Assignment:
Nothing but the lines below from the one containing "۲۰روز است نفت" through the one containing "Enjoy your beverage" should appear in the answer, exact and without pictures.

Stored data:
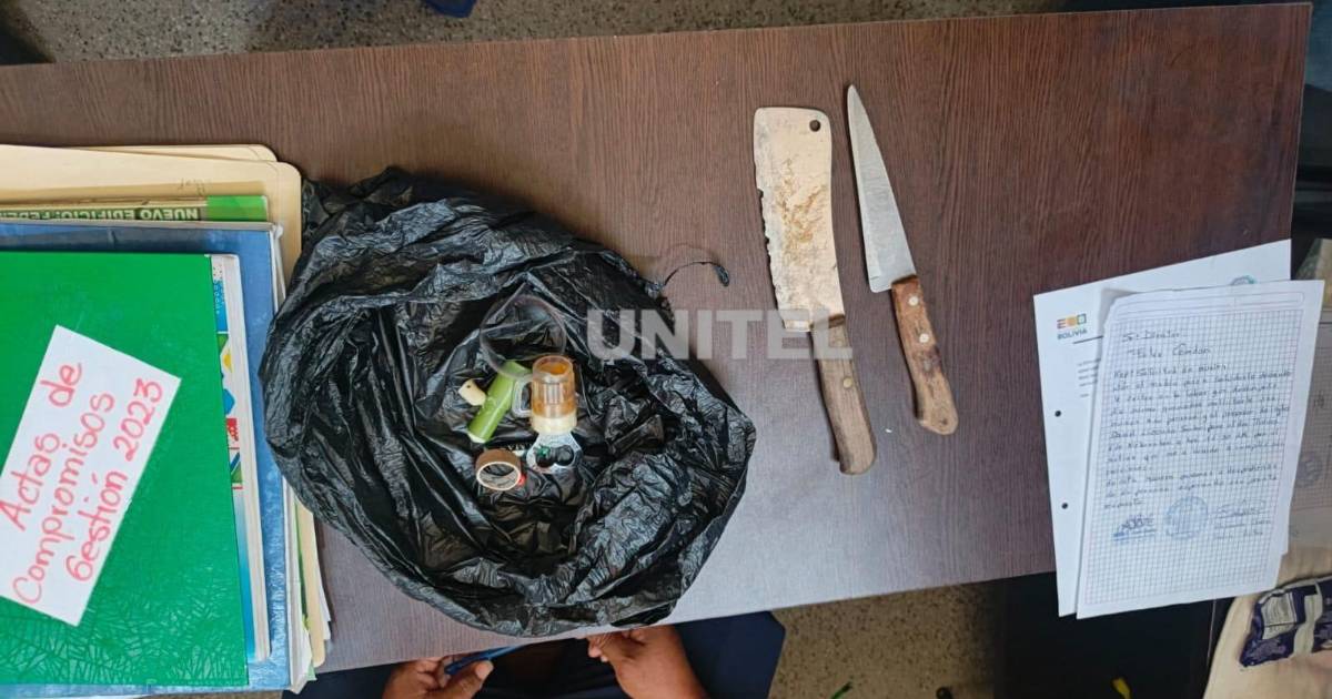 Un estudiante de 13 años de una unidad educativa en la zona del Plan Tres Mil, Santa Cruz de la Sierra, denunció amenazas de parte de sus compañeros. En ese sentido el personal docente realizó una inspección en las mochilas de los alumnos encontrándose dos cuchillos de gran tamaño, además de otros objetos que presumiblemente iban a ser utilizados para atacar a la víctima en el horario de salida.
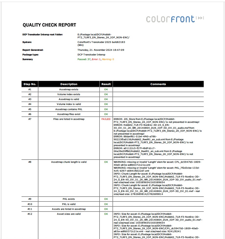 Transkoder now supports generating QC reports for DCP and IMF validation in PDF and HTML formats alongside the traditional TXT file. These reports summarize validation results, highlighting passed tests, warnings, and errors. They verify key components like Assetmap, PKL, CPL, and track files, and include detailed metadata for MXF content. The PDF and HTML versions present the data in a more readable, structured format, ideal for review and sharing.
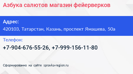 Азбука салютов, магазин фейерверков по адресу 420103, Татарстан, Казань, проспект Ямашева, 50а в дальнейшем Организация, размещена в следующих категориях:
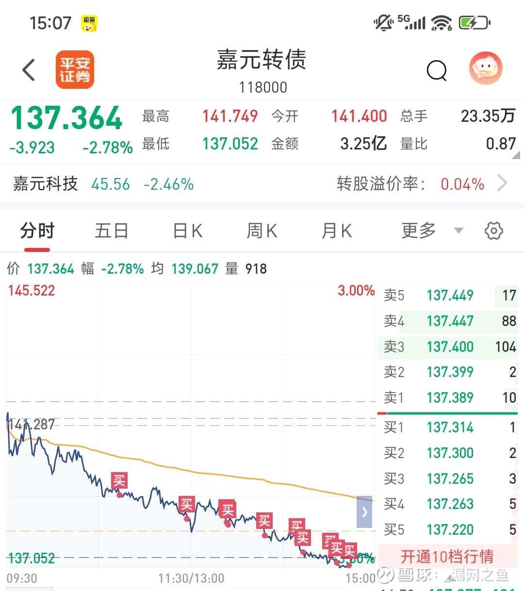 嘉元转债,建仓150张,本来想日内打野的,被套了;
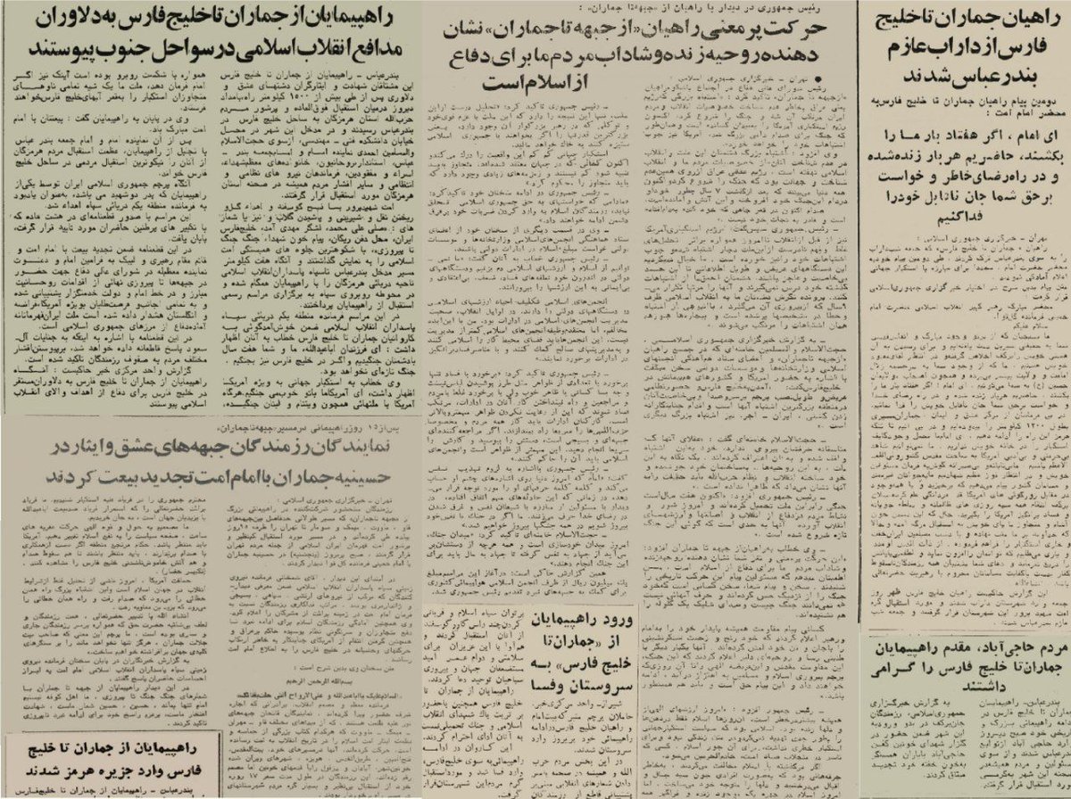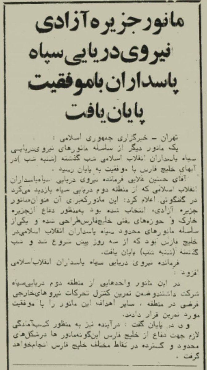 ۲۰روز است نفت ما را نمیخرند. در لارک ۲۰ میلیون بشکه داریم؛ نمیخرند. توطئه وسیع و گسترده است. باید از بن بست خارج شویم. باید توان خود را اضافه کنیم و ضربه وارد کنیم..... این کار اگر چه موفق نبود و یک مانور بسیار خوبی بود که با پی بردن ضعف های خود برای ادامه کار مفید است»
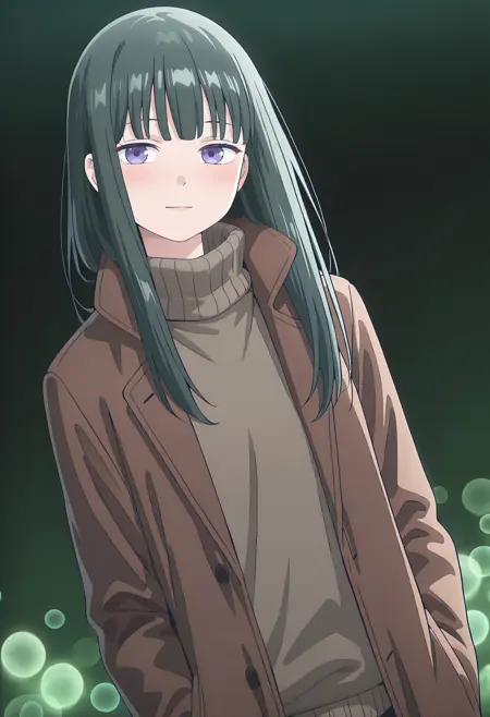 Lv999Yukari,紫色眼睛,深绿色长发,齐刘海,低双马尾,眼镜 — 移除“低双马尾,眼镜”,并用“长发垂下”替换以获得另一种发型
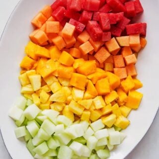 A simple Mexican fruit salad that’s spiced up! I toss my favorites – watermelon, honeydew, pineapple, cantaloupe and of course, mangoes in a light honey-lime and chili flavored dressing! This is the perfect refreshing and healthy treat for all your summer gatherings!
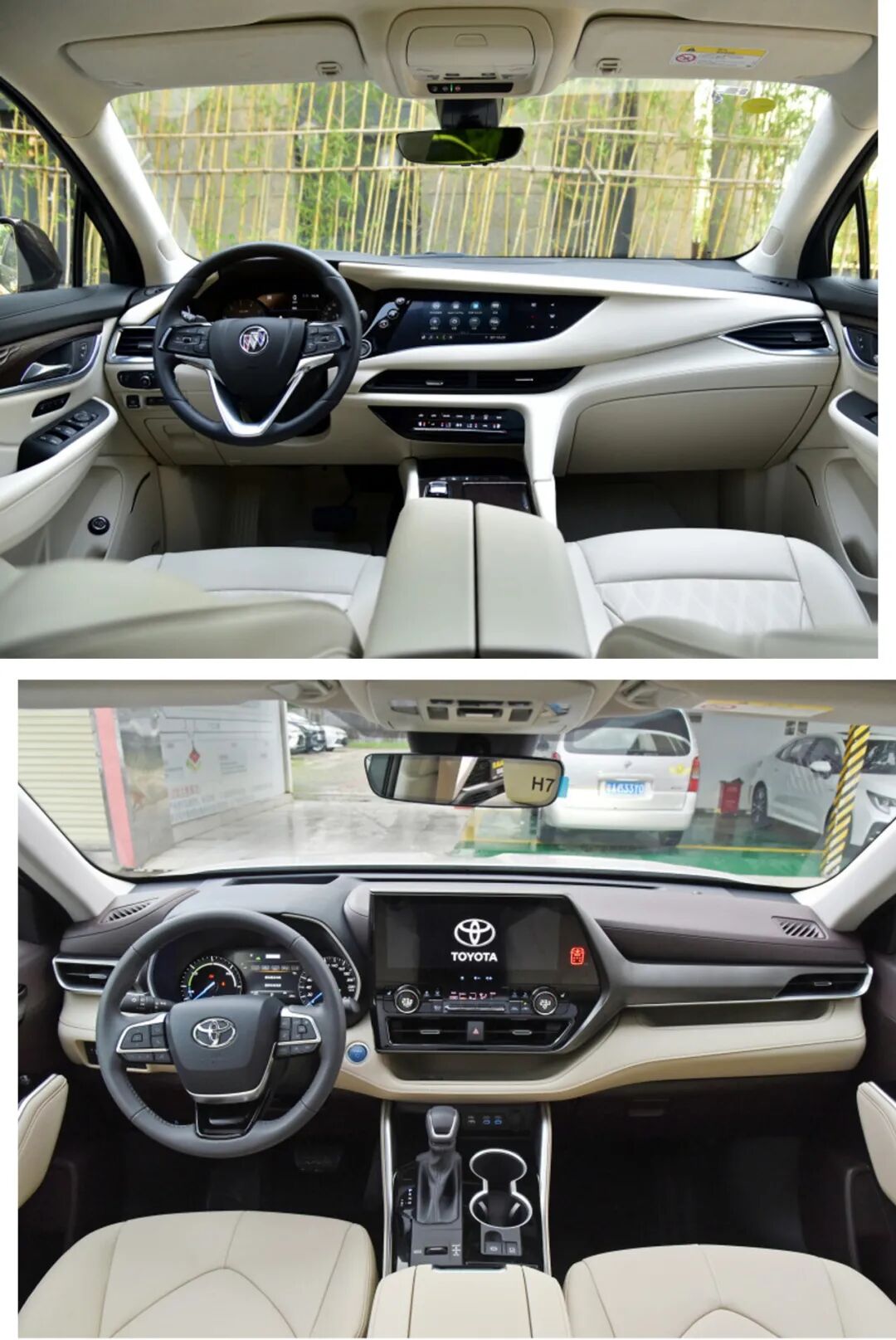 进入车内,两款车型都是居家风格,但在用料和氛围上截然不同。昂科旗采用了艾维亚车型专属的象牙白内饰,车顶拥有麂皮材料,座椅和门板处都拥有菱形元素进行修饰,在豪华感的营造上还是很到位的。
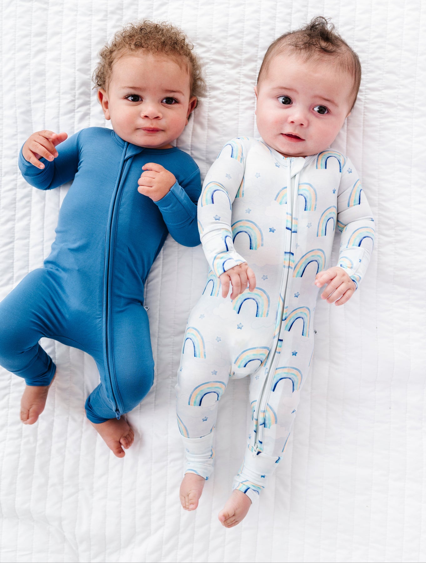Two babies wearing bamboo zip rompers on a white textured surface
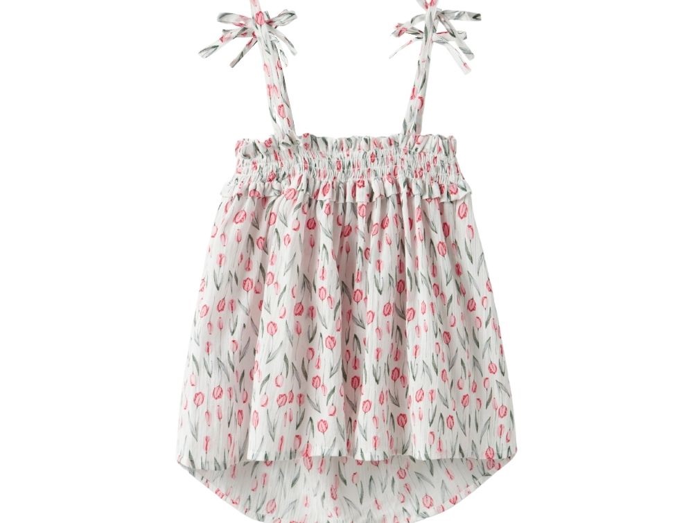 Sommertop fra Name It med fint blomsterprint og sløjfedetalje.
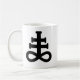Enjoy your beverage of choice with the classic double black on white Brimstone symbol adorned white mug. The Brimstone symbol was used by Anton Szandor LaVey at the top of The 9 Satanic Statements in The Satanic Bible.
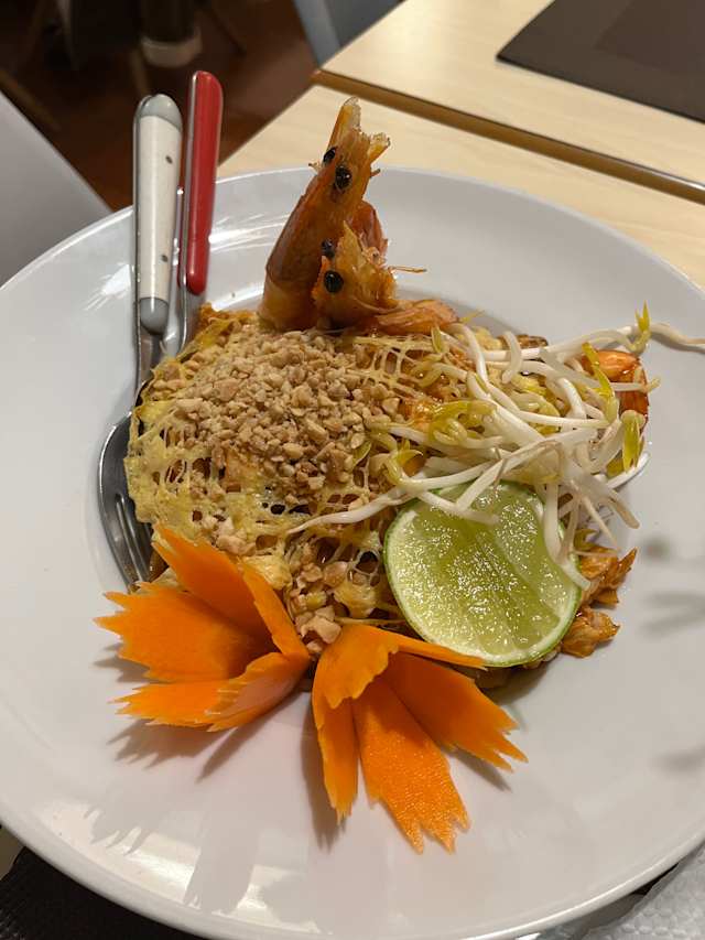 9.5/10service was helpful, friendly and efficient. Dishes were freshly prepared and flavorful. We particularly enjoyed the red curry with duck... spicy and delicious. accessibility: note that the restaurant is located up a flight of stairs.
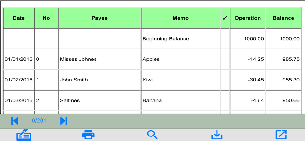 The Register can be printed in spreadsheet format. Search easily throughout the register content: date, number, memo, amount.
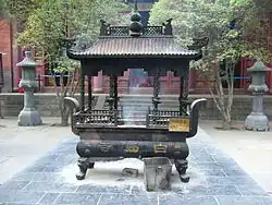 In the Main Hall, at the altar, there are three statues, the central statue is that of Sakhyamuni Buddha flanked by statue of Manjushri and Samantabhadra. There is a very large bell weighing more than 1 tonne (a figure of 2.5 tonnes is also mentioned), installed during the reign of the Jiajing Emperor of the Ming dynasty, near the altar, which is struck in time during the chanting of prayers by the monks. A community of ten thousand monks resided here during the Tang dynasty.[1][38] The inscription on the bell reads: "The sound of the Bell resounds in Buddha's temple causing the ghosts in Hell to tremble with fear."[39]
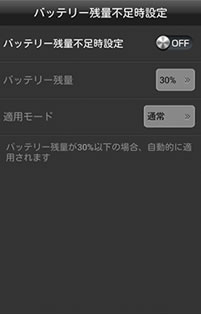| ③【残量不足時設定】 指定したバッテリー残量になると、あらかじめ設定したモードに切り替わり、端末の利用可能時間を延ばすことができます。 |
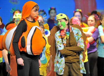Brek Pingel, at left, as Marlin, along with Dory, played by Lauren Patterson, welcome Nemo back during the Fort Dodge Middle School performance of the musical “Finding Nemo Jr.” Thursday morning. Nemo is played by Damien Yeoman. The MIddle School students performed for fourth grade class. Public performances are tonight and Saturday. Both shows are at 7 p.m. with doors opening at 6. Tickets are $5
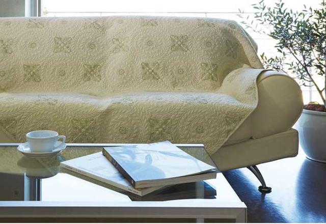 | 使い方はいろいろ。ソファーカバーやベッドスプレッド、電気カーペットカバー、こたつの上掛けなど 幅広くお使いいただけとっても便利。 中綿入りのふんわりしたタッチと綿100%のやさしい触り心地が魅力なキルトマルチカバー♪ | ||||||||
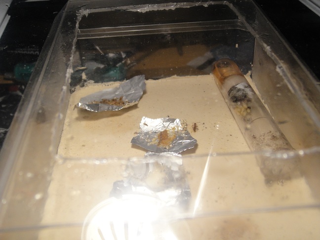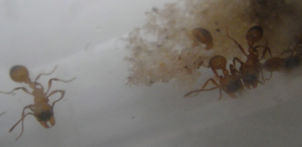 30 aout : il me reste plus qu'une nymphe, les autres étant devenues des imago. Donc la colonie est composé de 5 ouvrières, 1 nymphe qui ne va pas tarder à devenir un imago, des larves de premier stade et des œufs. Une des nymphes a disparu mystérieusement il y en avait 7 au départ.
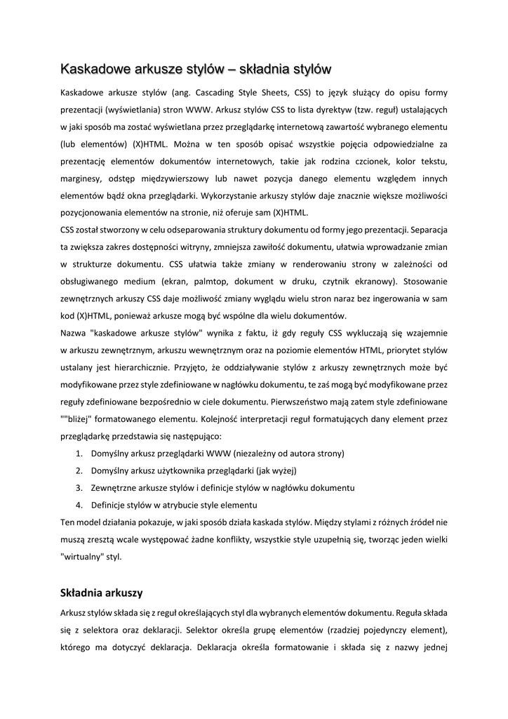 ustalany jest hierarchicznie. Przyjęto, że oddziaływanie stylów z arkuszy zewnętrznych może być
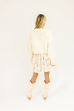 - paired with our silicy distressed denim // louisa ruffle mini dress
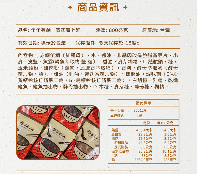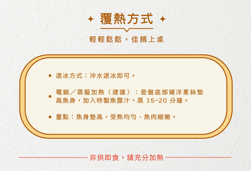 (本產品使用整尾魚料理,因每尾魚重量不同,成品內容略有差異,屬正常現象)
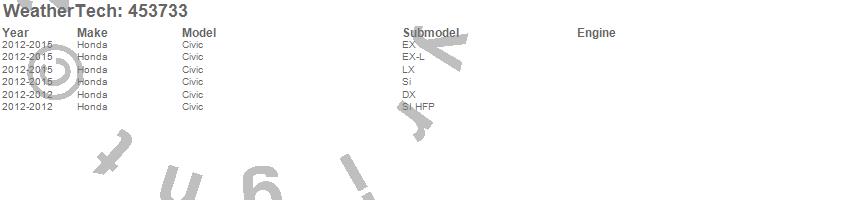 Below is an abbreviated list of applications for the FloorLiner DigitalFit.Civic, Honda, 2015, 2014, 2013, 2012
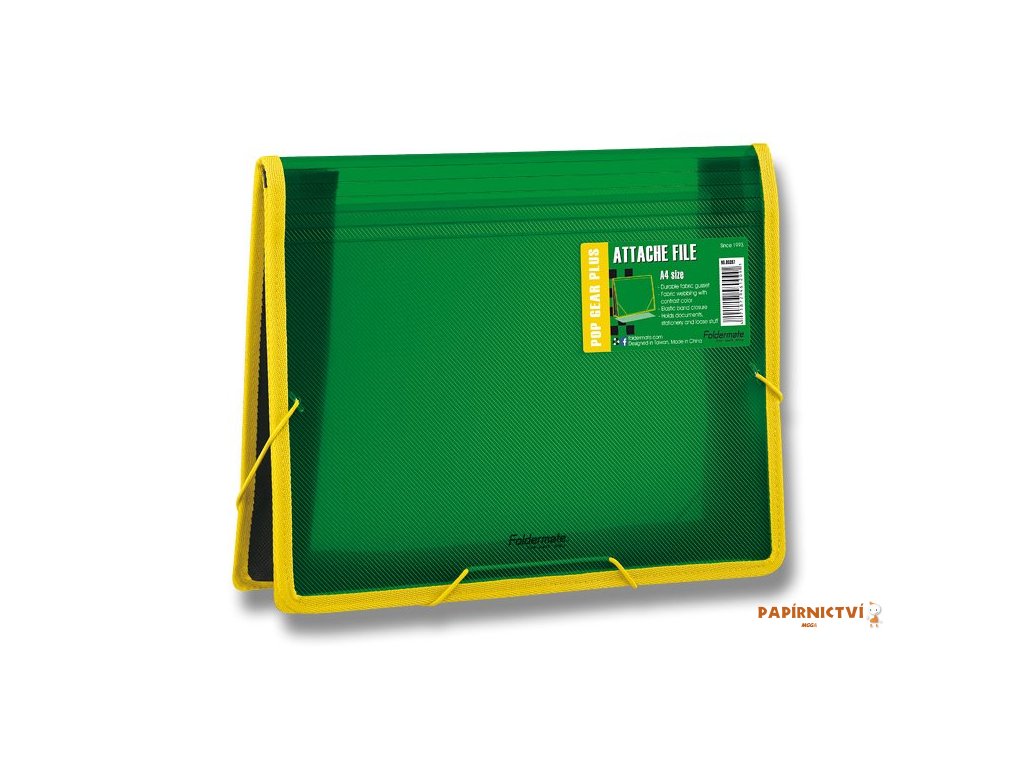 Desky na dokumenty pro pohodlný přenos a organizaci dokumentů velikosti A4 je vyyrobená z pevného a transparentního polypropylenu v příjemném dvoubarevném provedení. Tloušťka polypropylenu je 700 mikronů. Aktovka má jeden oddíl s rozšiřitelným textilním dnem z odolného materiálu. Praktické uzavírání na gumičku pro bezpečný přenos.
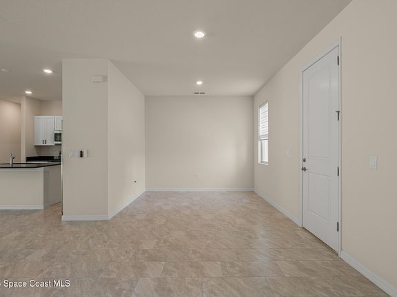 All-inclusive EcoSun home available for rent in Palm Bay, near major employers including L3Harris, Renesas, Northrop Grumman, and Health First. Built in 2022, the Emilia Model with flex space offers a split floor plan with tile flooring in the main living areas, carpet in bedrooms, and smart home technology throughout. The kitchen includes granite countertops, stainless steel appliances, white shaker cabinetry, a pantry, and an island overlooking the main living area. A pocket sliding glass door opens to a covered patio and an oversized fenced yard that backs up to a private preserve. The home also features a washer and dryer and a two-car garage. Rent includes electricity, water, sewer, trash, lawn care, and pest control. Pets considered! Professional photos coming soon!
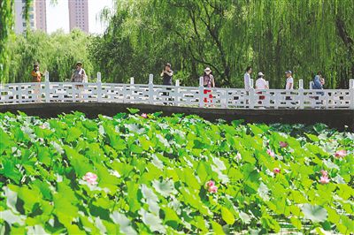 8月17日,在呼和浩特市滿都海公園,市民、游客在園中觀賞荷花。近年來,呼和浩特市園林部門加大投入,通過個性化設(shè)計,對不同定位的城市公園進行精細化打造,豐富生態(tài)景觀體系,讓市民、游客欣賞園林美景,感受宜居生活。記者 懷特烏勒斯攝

Response area:
 ۲۰روز است نفت ما را نمیخرند. در لارک ۲۰ میلیون بشکه داریم؛ نمیخرند. توطئه وسیع و گسترده است. باید از بن بست خارج شویم. باید توان خود را اضافه کنیم و ضربه وارد کنیم..... این کار اگر چه موفق نبود و یک مانور بسیار خوبی بود که با پی بردن ضعف های خود برای ادامه کار مفید است»
 Lv999Yukari,紫色眼睛,深绿色长发,齐刘海,低双马尾,眼镜 — 移除“低双马尾,眼镜”,并用“长发垂下”替换以获得另一种发型
 A simple Mexican fruit salad that’s spiced up! I toss my favorites – watermelon, honeydew, pineapple, cantaloupe and of course, mangoes in a light honey-lime and chili flavored dressing! This is the perfect refreshing and healthy treat for all your summer gatherings!
 进入车内,两款车型都是居家风格,但在用料和氛围上截然不同。昂科旗采用了艾维亚车型专属的象牙白内饰,车顶拥有麂皮材料,座椅和门板处都拥有菱形元素进行修饰,在豪华感的营造上还是很到位的。
Two babies wearing bamboo zip rompers on a white textured surface
 Sommertop fra Name It med fint blomsterprint og sløjfedetalje.
Enjoy your beverage of choice with the classic double black on white Brimstone symbol adorned white mug. The Brimstone symbol was used by Anton Szandor LaVey at the top of The 9 Satanic Statements in The Satanic Bible.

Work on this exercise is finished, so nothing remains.